10 Tips for Small Bar Owners

 In 1. David Scott Peters, bar

Small bar owners, especially small bars that are part of a restaurant, can have a great profit margin. It’s not an understatement when I say that the liquor sitting on your shelves and in your coolers is the equivalent to blocks of gold bullion. The problem is that all too often our management teams and employees simply look at it like water — plentiful and cheap.

Serving alcohol should be an extremely profitable endeavor, especially for small bar owners and restaurants with bars. With average pour costs running as low as 16 percent for liquor, 21 percent for draft beer, 25 percent for bottle beer and 28 percent for wine. Of course these numbers can be higher depending on your operation, pricing structure and sales mix. But compare this to food costs running in a range of 28 – 45 percent, and you can quickly see why alcohol sales can really make you money.

With all of this in mind, small bar owners (and restaurant with small bars) MUST have these 10 systems in place to prevent everyone else from robbing you of your profits.

1) Visually Check Orders: When your liquor distributor arrives at your back door to deliver the liquor order you placed a day or two before, it’s extremely important that you visually inspect that everything that is on the invoice is in the boxes.

2) Stock by the Six Pack: Many restaurant and bars that sell food often struggle with cooler space and have to keep their beer and food in the same cooler. This creates a situation where controlling everything in and out of the walk-in is almost impossible. The best way to defend against this loss is to stock bottle beer by the six pack only.

3) Pour Draft Beer Correctly: The proper way to pour a draft beer requires you bring the glass to the tap before you open it. At a rate of approximately 2 ounces per second coming out, for every draft beer successfully poured, you waste one. Forget about the expense, think about the lost revenue! With 10 percent acceptable loss built in, you’re talking about pouring approximately 21 full beers down the drain for every keg you tap. At an average of $4 per pint glass, it’s the equivalent of you opening up your wallet and throwing away $84 each time you tap a new keg.

4) Track Waste: On a daily basis keep track of what was spilled, broken, mistakenly ordered and by whom. Next to each line entry keep track of the value in product cost and what you lost in potential register ring. This will allow you to spot areas for training and teach your staff that those little mistakes add up to a lot of lost money, which is the best way to show them why it’s important that they get things right the first time.

5) Keep Your Bar Clean and Neat: It’s important to keep your bar area clean for health code reasons and so that your guests aren’t looking at your bartender’s mess (which in a busy shift can look like they are wading through a garbage dump). Another important reason to keep it clean is bartender theft. I’ve offered examples of bartender scams in the past, but a cluttered bar with toothpicks, rubber bands, cherry stems, etc., is one reason to be suspicious.

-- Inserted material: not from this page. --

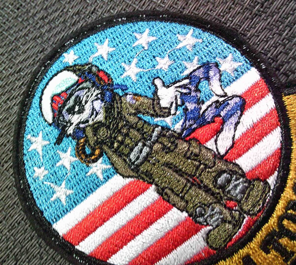 例えば無地でシンプルなスカジャン フライトジャケット、ライダーズジャケット、スポーツジャージ、作業着にこちらの刺繍ワッペンを取り付ければ貴殿のオリジナルな『一張羅(1番のお気に入り衣類)』

6) Use a Jigger: A jigger pour can be an exact way to portion drinks and a great tool for spotting theft. It can slow things down in a busy bar, but weigh the benefits with this one.

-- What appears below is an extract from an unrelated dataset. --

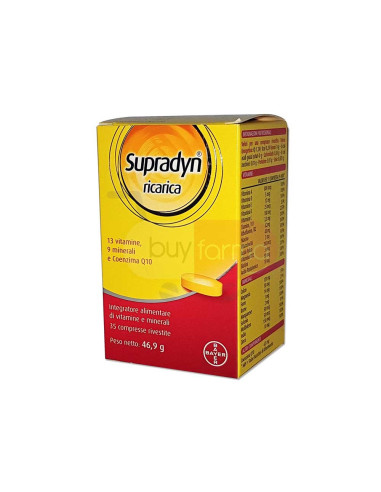 A cosa serve Supradyn Ricarica ? Supradyn Ricarica contiene Vitamina B1, Vitamina B2, Vitamina B5 e Niacina ad alto dosaggio.In quantità pari al 300% del valore Nutritivo di Riferimento. I suoi componenti sono descritti come segue: Vitamine del gruppo B, Rame, Ferro, Iodio, che contribuiscono al normale metabolismo energetico favorendo la trasformazione del cibo in Energia. Vitamina A, Vitamina D e Vitamina C che contribuiscono alla normale funzione del sistema immunitario. Vitamina E, Vitamina C, Selenio e Zinco che contribuiscono alla protezione delle cellule dallo stress ossidativo. Le compresse rivestite di Supradyn Ricarica hanno un basso contenuto di zuccheri e di sale. Formato: 35 compresse rivestite. Come usare Supradyn Ricarica Si consiglia l'assunzione di 1 compressa per adulti e bambini da 12 anni in su.La compressa va sciolta in un bicchiere d'acqua (circa 200ml).

7) Never Give Your Keys Away: The liquor closet has a lock on it for a reason: to keep your product safe. You need to have a policy in place, no matter how busy your place is, that ONLY managers have access to the liquor closet to get the bar replacement bottles during operation

8) Standard Drink Recipes: There has got to be at least seven different ways to make a Mai Tai. Each one of them containing different liquors and amounts of liquor. This goes for most mixed drinks. Use drink recipes to make a consistent product and to control your costs.

9) Buy the Right Glassware: Quality and size are important. It is often cheaper to pay more for and purchase higher-end tempered glassware than it is to buy the cheap stuff that breaks easily and needs to be replaced almost weekly. When considering size, a glass too large begs a bartender to fill it — at your cost.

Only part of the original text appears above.